**** RECORDS SHOWN ****
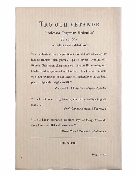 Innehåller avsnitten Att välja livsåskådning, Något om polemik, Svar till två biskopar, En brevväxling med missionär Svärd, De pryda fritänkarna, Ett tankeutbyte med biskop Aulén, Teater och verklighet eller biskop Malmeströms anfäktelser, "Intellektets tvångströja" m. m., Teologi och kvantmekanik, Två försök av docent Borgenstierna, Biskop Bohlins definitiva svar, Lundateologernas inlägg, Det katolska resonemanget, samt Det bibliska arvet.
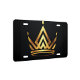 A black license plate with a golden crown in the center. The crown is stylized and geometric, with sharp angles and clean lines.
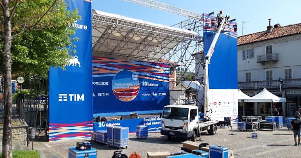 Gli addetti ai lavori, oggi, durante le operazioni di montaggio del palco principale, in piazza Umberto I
****
**** RECORDS SHOWN ****
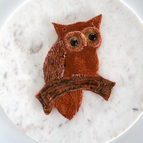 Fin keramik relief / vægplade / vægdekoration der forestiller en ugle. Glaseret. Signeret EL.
****
**** RECORDS SHOWN ****
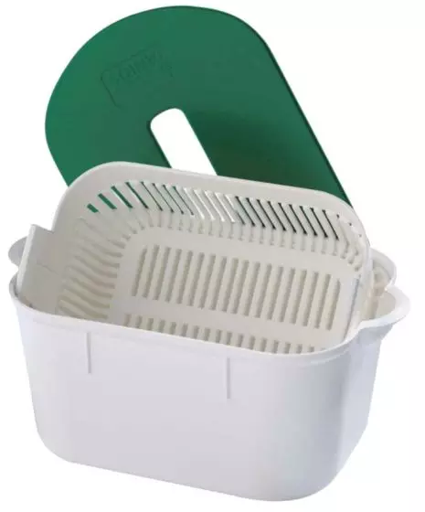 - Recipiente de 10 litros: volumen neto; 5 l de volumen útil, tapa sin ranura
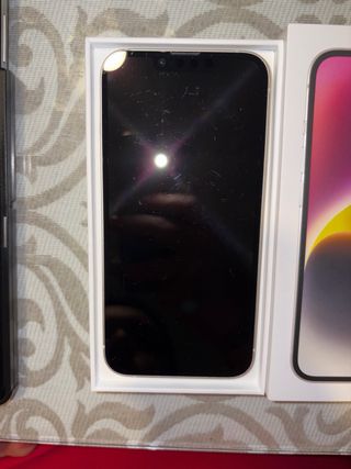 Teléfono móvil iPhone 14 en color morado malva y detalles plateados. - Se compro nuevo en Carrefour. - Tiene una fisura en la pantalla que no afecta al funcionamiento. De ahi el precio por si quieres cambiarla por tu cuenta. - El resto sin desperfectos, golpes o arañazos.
****
## TASK
Using the material above, transcribe exactly the lines from the one holding "A black license" to the one holding "Gli addetti ai", both ends kept. Do not carry over any pictures.

## OUTPUT FOR THIS TASK
 A black license plate with a golden crown in the center. The crown is stylized and geometric, with sharp angles and clean lines.
 Gli addetti ai lavori, oggi, durante le operazioni di montaggio del palco principale, in piazza Umberto I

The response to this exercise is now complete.